Le sentenze, ottenute grazie alla grande professionalità dei legali ANIEF, ricordano che “il principio di non discriminazione tra lavoratori a tempo determinato e lavoratori a tempo indeterminato è stato sancito, nell’ordinamento comunitario, dalla clausola 4 dell’Accordo Quadro sul lavoro a tempo determinato del 18.3.1999, trasfuso nella Direttiva 1999/70/CE del 28.6.1999, secondo la quale “per quanto riguarda le condizioni di impiego, i lavoratori a tempo determinato non possono essere trattati in modo meno favorevole dei lavoratori a tempo indeterminato comparabili per il solo fatto di avere un contratto o rapporto di lavoro a tempo determinato” e accolgono in toto le tesi del nostro sindacato ribadendo che “il contrasto tra le previsioni del diritto comunitario e le regole dettate dalla normativa interna speciale del settore scolastico, non giustificato da “ragioni oggettive”, deve essere risolto dal giudice nazionale in favore delle prime, in ragione della loro superiorità nella gerarchia delle fonti, attraverso la disapplicazione delle norme interne confliggenti”.

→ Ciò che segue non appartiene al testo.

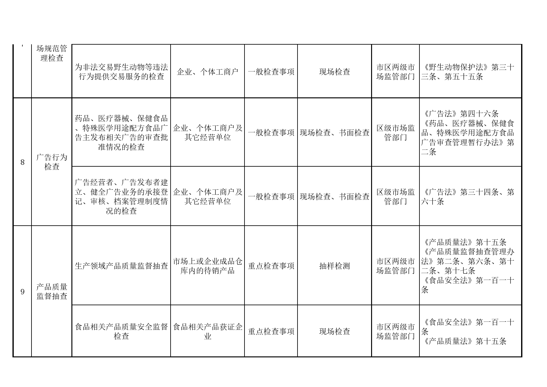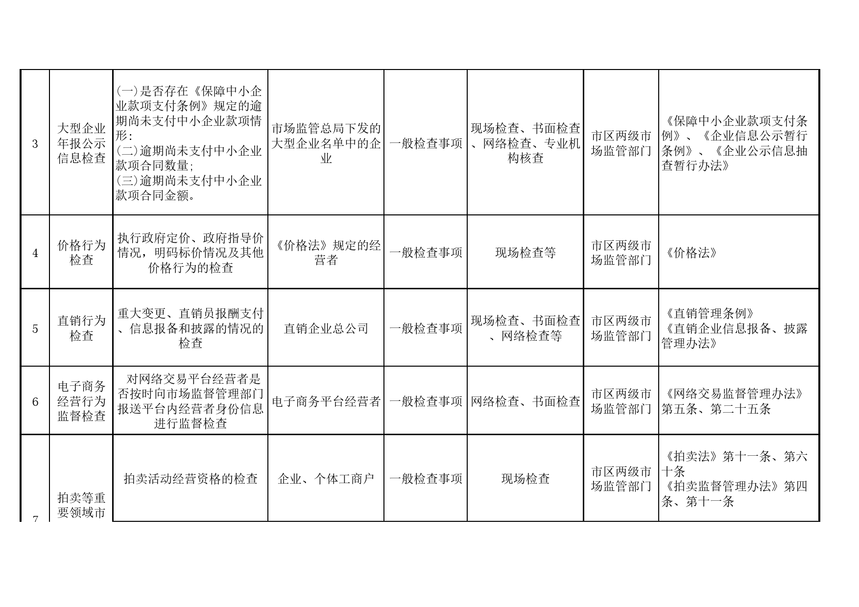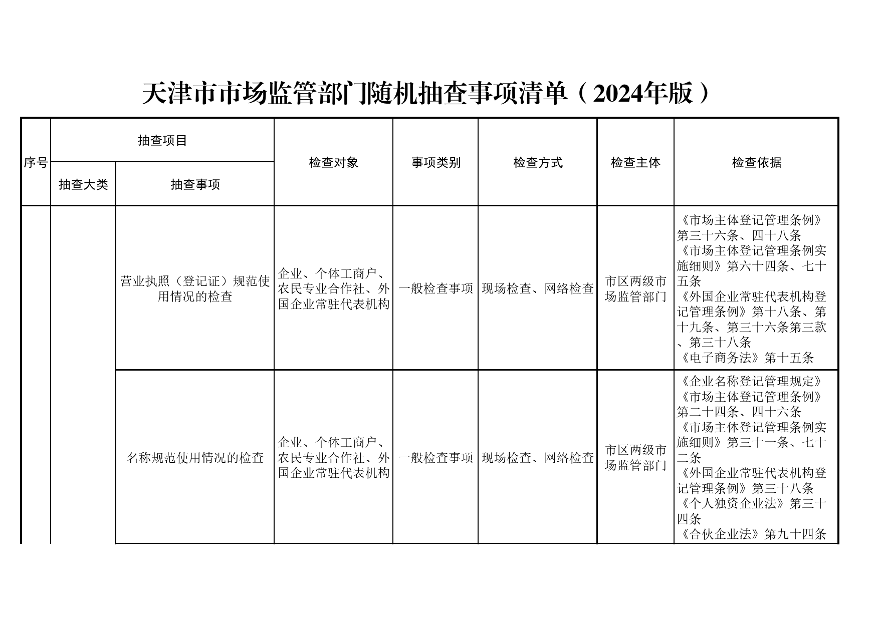 天津市市场监管部门随机抽查事项清单(2024年版)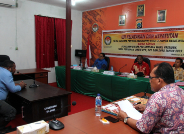 Manokwari, Badan Pengawas Pemilu- Bawaslu Provinsi Papua Barat menggelar uji kelayakan dan kepatutan calon anggota Panwas Kabupaten/Kota se-Papua Barat untuk wilayah I yang terdiri dari Kabupaten Manokwari, Manokwari Selatan, Pegunungan Arfak, Wondamo, Teluk Bintuni dan Fak-Fak. Sebanyak 36 calon Panwas Kabupaten/Kota se-Papua Barat mengikuti test uji kelayakan dan kepatutan tersebut di Kantor Bawaslu Provinsi Papua Barat, Jalan Brawijaya No 3A Manokwari, Minggu (6/8/2017).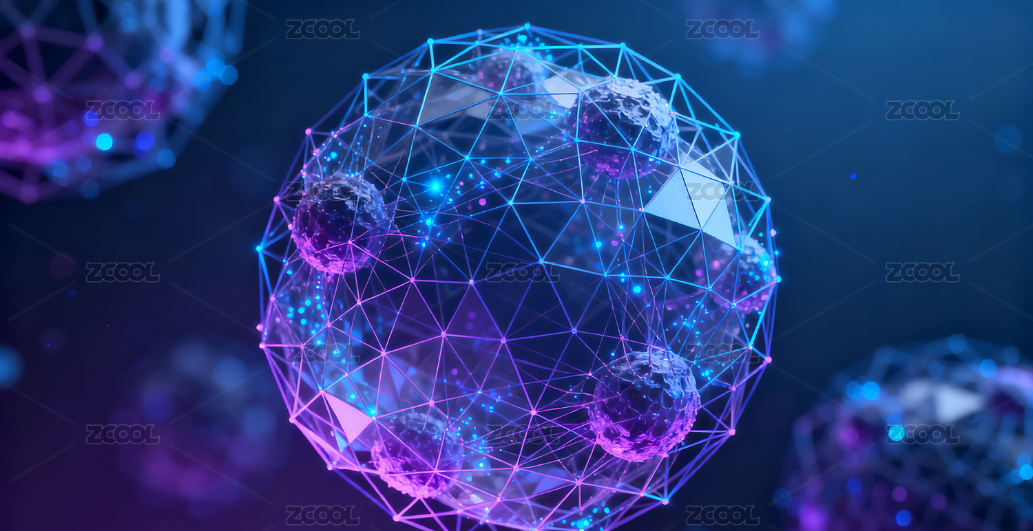 科技感3D渲染原子核结构背景

Le ragioni addotte dal MIUR per giustificare la palese disparità di trattamento posta in essere nei confronti dei lavoratori a tempo determinato, infatti, sono state ritenute senza “alcuna correlazione logica con la negazione della progressione retributiva in funzione dell’anzianità di servizio maturata, che risponde unicamente ad una finalità di risparmio di spesa pubblica, comprensibile ma del tutto estranea alle “ragioni oggettive” nell’accezione di cui alla clausola 4, punto 1, dell’Accordo Quadro sul lavoro a tempo determinato”.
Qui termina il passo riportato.